After an epic surge in 2020, many technology stocks currently reached a difficult stage. For example, some technology companies are seeing a slowdown in growth as the world slowly recovers from the coronavirus.
However, this does not mean that there are no more technology stocks. Here are two promising technology stocks: Wix.com and Roku.
Wix – building modern websites for small businesses
Wix had a fantastic start to 2021, but many investors have been put off by the company’s decision to stop disclosing certain user and premium subscriber numbers. Often, a company ceases to disclose key figures when they no longer give a favorable picture.
However, cut Wix exceptional performance in the first quarter of 2021. Sales increased by 41% year-on-year to US $ 304 million, and management expected full-year sales to be Sales growth of 29% to 30 % at least $ 1.28 billion. Building on 30% revenue growth in 2020. Free cash flow (FCF) is expected to be only $ 62-72 million as the company seeks to expand its reach in global e-commerce. However, Wix achieved an FCF margin of nearly 20% last year %, which is pretty good for a high-growth technology company.

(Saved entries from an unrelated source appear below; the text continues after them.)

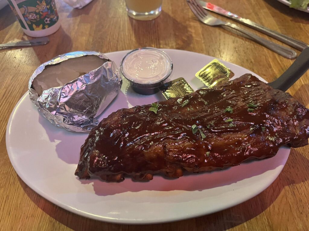 The ribs were the special this evening and came with some extra sauce on top. The meat fell off the bone, but the temp of our ribs was warm. The meat was flavorful and had a crispy edge that was well seasoned.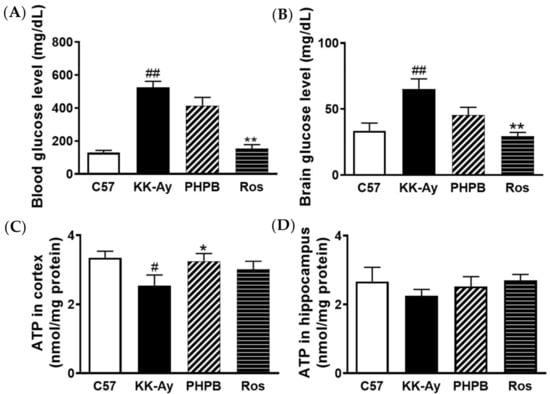 PHPB increased ATP production in the cortex of KK-Ay mice without any obvious differences in glucose levels. (A,B) Quantification of blood-glucose and cerebral-glucose using a micro-dialysis method in mice treated with PHPB (150 mg/kg) or rosiglitazone (Ros, 5 mg/kg) for two months, N = 7–10 for each group. (C,D) Detection of the ATP contents in the cortex and hippocampus by firefly luciferase method, n = 8 for each group. The data are presented as means ± SEM. # p < 0.05 versus C57 group. # p < 0.05, ## p < 0.01 versus C57 group; * p < 0.05, ** p < 0.01 versus KK-Ay group.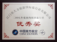 中國南方航空頒發的 2008年度國內組團旅行社“優秀獎” |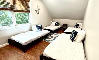 3 bedrooms sleeping 6, central a/c and recently updated. Watch the sunset from the yard and bbq on the grill. Kitchen is well stocked with a spacious table for entertaining. Enjoy 2 separate work spaces, kids loft area with a foosball table, and lake access.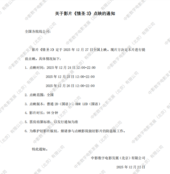 《情圣3》点映的通知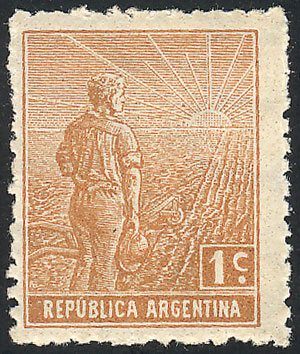 1912 1c. Plowman on German paper with HORIZONTAL honeycomb wmk, MNH (+50%), superb and very rare! (Image)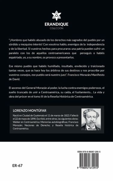 "¡Hombres que habéis abusado de los derechos más sagrados del pueblo por un sórdido y mezquino interés! Con vosotros hablo, enemigos de la independencia y de la libertad. Si vuestros hechos para procuraros una patria pueden sufrir un paralelo con los de aquellos centroamericanos que perseguís o habéis expatriado, yo, a su nombre, os provoco a presentarlos. Ese mismo pueblo que habéis humillado, insultado, envilecido y traicionado tantas veces, que os hace hoy los árbitros de sus destinos y nos proscribe por vuestros consejos, ese pueblo será nuestro juez". Francisco Morazán/Manifiesto de David.El ascenso del General Morazán al poder, la lucha contra enemigos poderosos, el sueño truncado de unir a Centroamérica, su caída, el fusilamiento... La vida y obra del prócer en el tomo III de la Reseña Histórica de Centroamérica.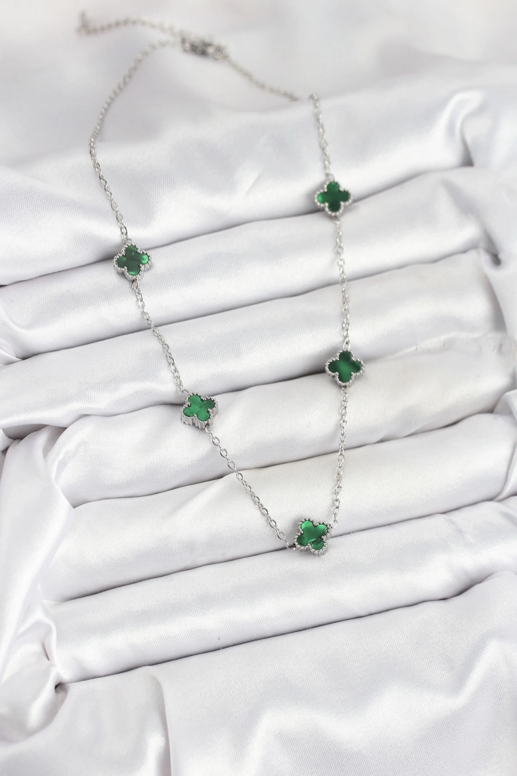 ® 316L Çelik Zincir Gümüş Renk Yeşil Baby Boy Yonca Kadın Kolye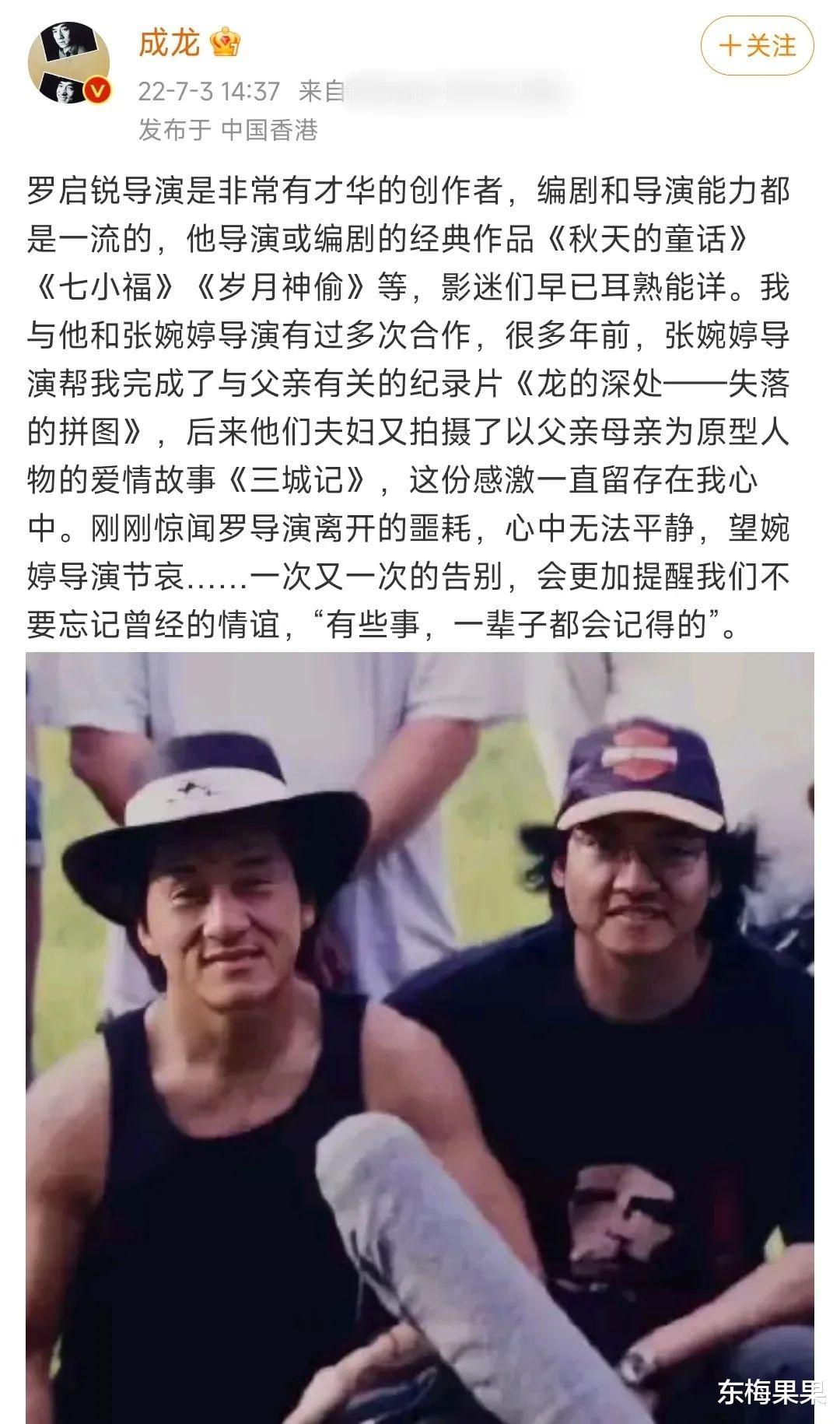 连成龙也在感慨,昨天是怎么了?因为拍出《岁月神偷》和 《秋天的童话》的香港导演罗启锐,也是昨天去世的,成龙下午才在微博发了篇长文,以此来告别怀念罗启锐导演。

Currently, Wix focuses on the tens of millions of small and medium-sized business relationshipsthat it maintains around the world. Recent product launches such as the Editor X for advertising agencies and the Wix integration with Google by Alphabet should help to deepen these relationships. This also applies to the acquisition of Tech-Outfits Rise.ai for gift cards and business loans. In fact, it is Wix goal “build user-friendly e-commerce capabilities to enable small businesses – from local restaurants to event centers to fitness instructors – to have a high-quality online presence“.
The company is already well on its way to fulfilling its mission. The Wix shares are currently traded for less than 11 times full-year revenue expectations.
Roku-The Sure Winner in the Media Streaming War
The Media-Streaming Technology Expert Roku increased by 148 in 2020 %, however, had difficulty maintaining this momentum in 2021. These days the stock is listed more than 30% below the all-time high in January.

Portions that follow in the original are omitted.